Rotating her hand, she intertwined their fingers. Squeezed. “Okay, stop being cute. Tonight’s supposed to be chill hanging out, not more heavy shit. I showed up all ready to enjoy a meal and be low key flirted with. You keep making those eyes at me and I start wondering if anyone notices us disappearing into your office.”
Yeah, he wasn’t standing up from the table anytime soon. She laughed at his expression.
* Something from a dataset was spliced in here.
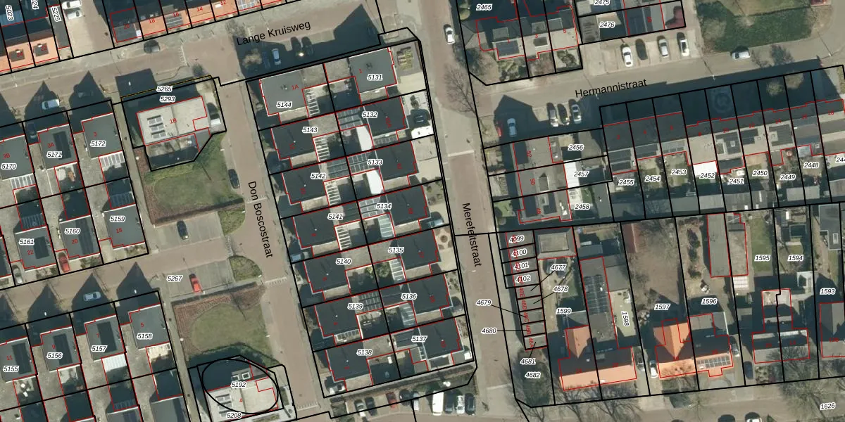Merefeltstraat 59 is gelegen op kadastraal perceel VHV01A5134. Deze kadastrale aanduiding is uniek en wordt gebruikt door het Kadaster om eigendomsrechten en andere zakelijke rechten vast te leggen. Het perceel maakt onderdeel uit van de kadastrale gemeente Veldhoven.

He shook his head in resignation. “Way to derail me from all the deep talk about families of origin.”
She raised her drink for a toast. “We’re quite a pair.”
They sure were. And he devoted the rest of dinner to keeping himself from getting intense about the increasing perfection of their pairing.
His home turf date ended with Hannah’s visitation hours. Serg brought her to the table where they lingered over his peach-rose pie. “She says she wants to go potty.”
Rachel glanced at her phone, not that her ex stuck around for feedback about cutting short his time with his child.
“Sorry.” She gathered everything for the trip to the restroom. “Half the time she just wants the experience of going bottomless, but I have to check.”
“Of course.” He meant it, too. He’d kept his expectations for the night low, anticipating interference from Serg or Depy. So he savored the miracle of eating in peace, skirting past family issues and diving deep into her passion for knitting.